A big truth about financial intelligence, states Quarto, is that everyone can benefit from better skills at all ages—including herself. As a corporate attorney for a large company, she decided to withdraw $15,000 in a retirement fund when she left the position. Quarto used the money to pay off credit cards and student loans, and to buy a new bed.

“That bed is long gone,” she says with a laugh. “If I had left that money in the account, today it would be worth $88,000. That was not the best decision…the financial lesson is that life doesn’t start and end in any given moment.”

Financial Education Resources

AARP Foundation, Finances 50+ program: This nonprofit program is designed to motivate and empower participants to take charge of their financial future. It provides a free, downloadable participant guide and volunteer guide that can be used by any organization to help seniors better manage their money.

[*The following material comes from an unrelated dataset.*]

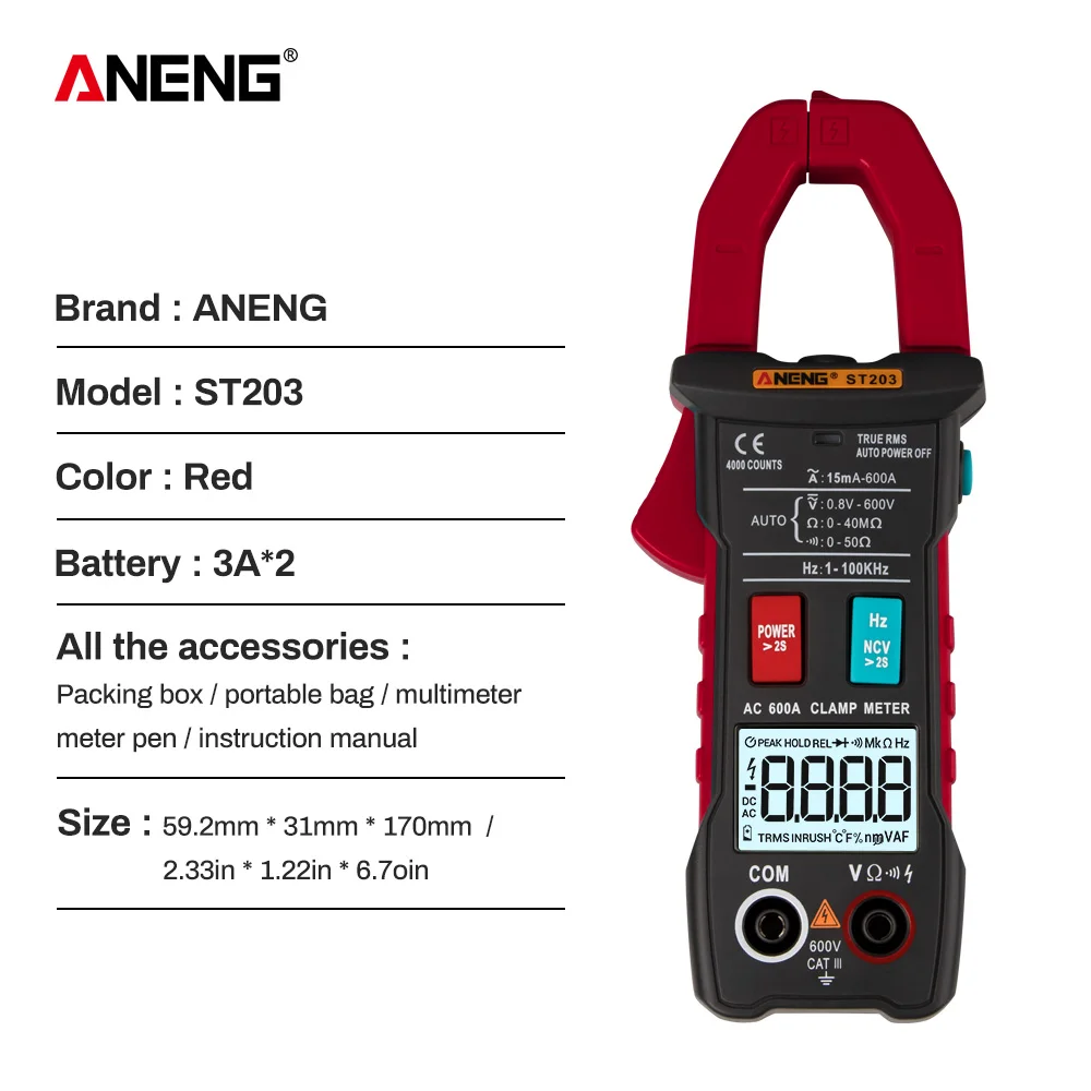 ST203 клещи 4000 отсчетов Цифровой мультиметр True-RMS AC/DC напряжение NCV сопротивление импульсный ток Авто Диапазон вспышка светильник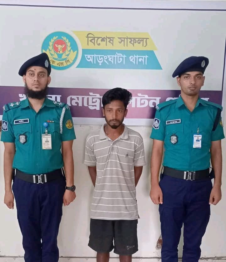 আড়ংঘাটা থানা পুলিশ ১১ মে ২০২৫ তারিখ লতা মধ্যপাড়া সংলগ্ন এলাকা থেকে মাদক কারবারি ১) আকাশ ঢালী (২২), পিতা-সঞ্জয় ঢালী, সাং-ঢালী বাড়ি, লতা, থানা-আড়ংঘাটা, খুলনা। ৫০ গ্রাম গাঁজাসহ হাতেনাতে আটক করেছে।

ESOP: Originally named East Side Organizing Project, this nonprofit changed its name to ESOP in 2007 to better reflect its expanded state and national mission of educating seniors on good financial habits, with an emphasis on housing issues such as preventing foreclosure. ESOP is now a subsidiary of Benjamin Rose Institute on Aging.

National Council on Aging's Savvy Savings Seniors® Financial Education Tools: This nonprofit program focuses on disadvantaged older adults, helping them learn basic money skills, budgeting, how to avoid scams and how to apply for benefits.

National Council Reinvestment Coalition’s Housing Counseling Network: This nonprofit focuses specifically on financial issues related to housing, including homebuyer education and money/debt management.

Consumer Financial Protection Bureau: This federal agency offers several consumer tools on its website, including planning for retirement.

Bank of America’s Better Money Habits®: BOA partners with the Kahn Academy to distribute practical knowledge about managing money.

John Mitchell is a writer who lives in Cedaredge, CO.